I have flown in a Fokker (as a passenger, they make commuter planes now) and it appears that I may be a FKR. Hmm.
OK, insofar as FKR in games and in actual wargames used by the US Army.
About 24 years ago, I was working with an Army mMajor on a project regarding the theoretical model for getting out of the attrition based combat model inherent in the National Training Center's set up in Fort Irwin, and in the Miles gunnery system, and in all of the BCTP/CPX training modules for brigade and above staffs. (I'll make an understatement in saying that this was a tough nut to crack, and he was only working on a piece of the answer).
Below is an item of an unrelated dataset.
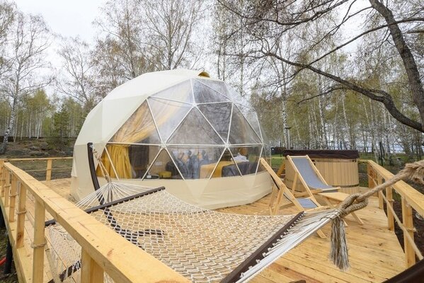 Территория глэмпинга — это оазис для отдыха и расслабления. Здесь вы найдете костровую зону для душевных вечеров, фотозону для запоминающихся снимков, уютный уголок у воды для наслаждения видами, оздоровительную русскую баню и панорамный гриль-купол, где можно приготовить блюда на свежем воздухе в компании до 12 человек. Юных гостей порадует обустроенная детская площадка.

In the meantime, the Army was experimenting with a lot of FRK stuff at the JRTC in Fort Polk: the light infantry folks tended to go there for major exercises, and a lot of the "but there are 40 thousand refugees here, in and around the battlefield, and CNN just showed up with their camera on a bleeding kid" kind of stuff. The heavy divisions headed to NTC in Fort Irwin for a brigade sized rotation. Bloody Expensive Training.
The Army's leadership was concerned that their Fulda Gap assumptions and training systems to support them were not going to serve the OOTW world very well. (See peace keeping, peace enforcement, Somalia, Rwanda, Sierra Leone, Bosnia, and much more. )
Trying to get a rule set to encode the moral and morale effect on friendlies and enemies was a complete bugger. There was some theoretical work done by Dr James Schneider on the mental/moral/cybernetic domain in battle (those non linear effects and the tendency of a bad tactical situation to snowball into an utter mess or a rout) that were related to the attempt at an answer. How to put that into a BCTP was a bugger, since each exercise is graded and "what we need more training on" was a critical output. Metagaming to win -knowing the gaming system and explointing loopholes -- , when found, often a cause for alarm and ass-chewings. (The point is training, ultimately).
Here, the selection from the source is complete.